#### Exercise
Set down every line of the data exactly, skipping the pictures.

#### Given information

╭──

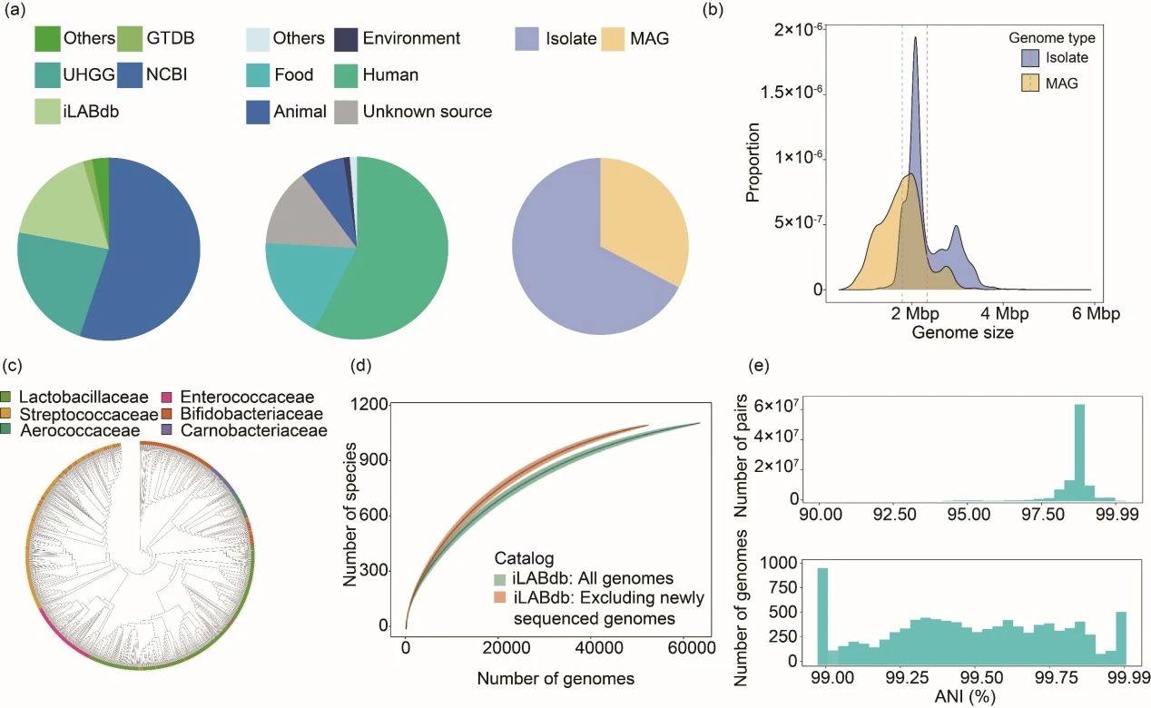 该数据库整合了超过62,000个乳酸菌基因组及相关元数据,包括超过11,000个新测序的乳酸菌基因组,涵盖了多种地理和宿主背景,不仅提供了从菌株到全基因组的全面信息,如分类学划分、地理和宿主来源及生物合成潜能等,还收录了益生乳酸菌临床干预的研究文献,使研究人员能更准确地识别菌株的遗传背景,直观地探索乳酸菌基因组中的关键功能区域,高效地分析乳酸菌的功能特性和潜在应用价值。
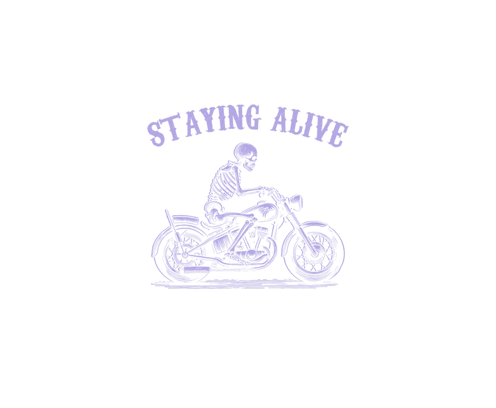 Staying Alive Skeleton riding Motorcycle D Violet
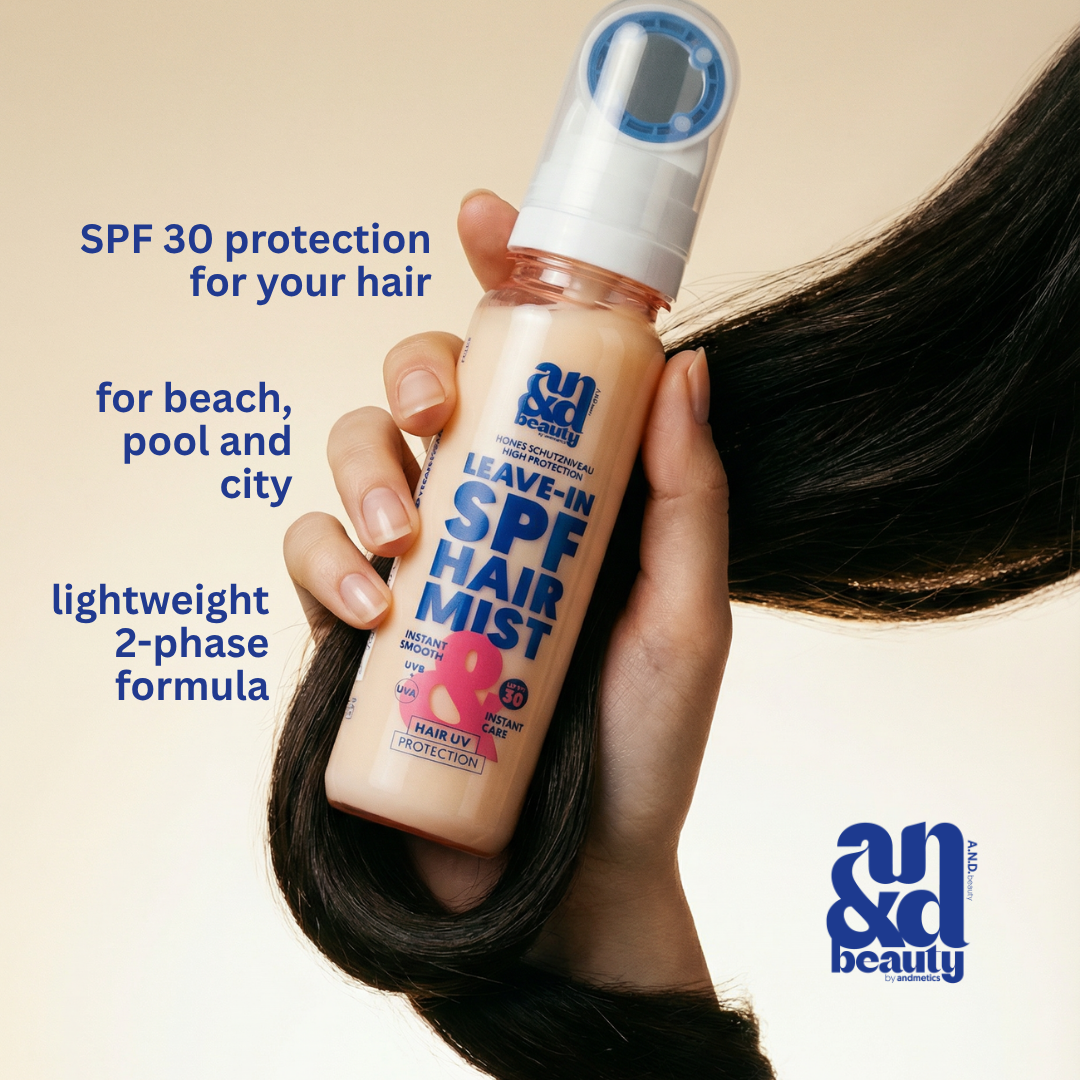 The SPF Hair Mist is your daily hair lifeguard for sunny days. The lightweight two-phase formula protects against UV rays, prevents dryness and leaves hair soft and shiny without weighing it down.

╰──

#### Response area
 该数据库整合了超过62,000个乳酸菌基因组及相关元数据,包括超过11,000个新测序的乳酸菌基因组,涵盖了多种地理和宿主背景,不仅提供了从菌株到全基因组的全面信息,如分类学划分、地理和宿主来源及生物合成潜能等,还收录了益生乳酸菌临床干预的研究文献,使研究人员能更准确地识别菌株的遗传背景,直观地探索乳酸菌基因组中的关键功能区域,高效地分析乳酸菌的功能特性和潜在应用价值。
 Staying Alive Skeleton riding Motorcycle D Violet
 The SPF Hair Mist is your daily hair lifeguard for sunny days. The lightweight two-phase formula protects against UV rays, prevents dryness and leaves hair soft and shiny without weighing it down.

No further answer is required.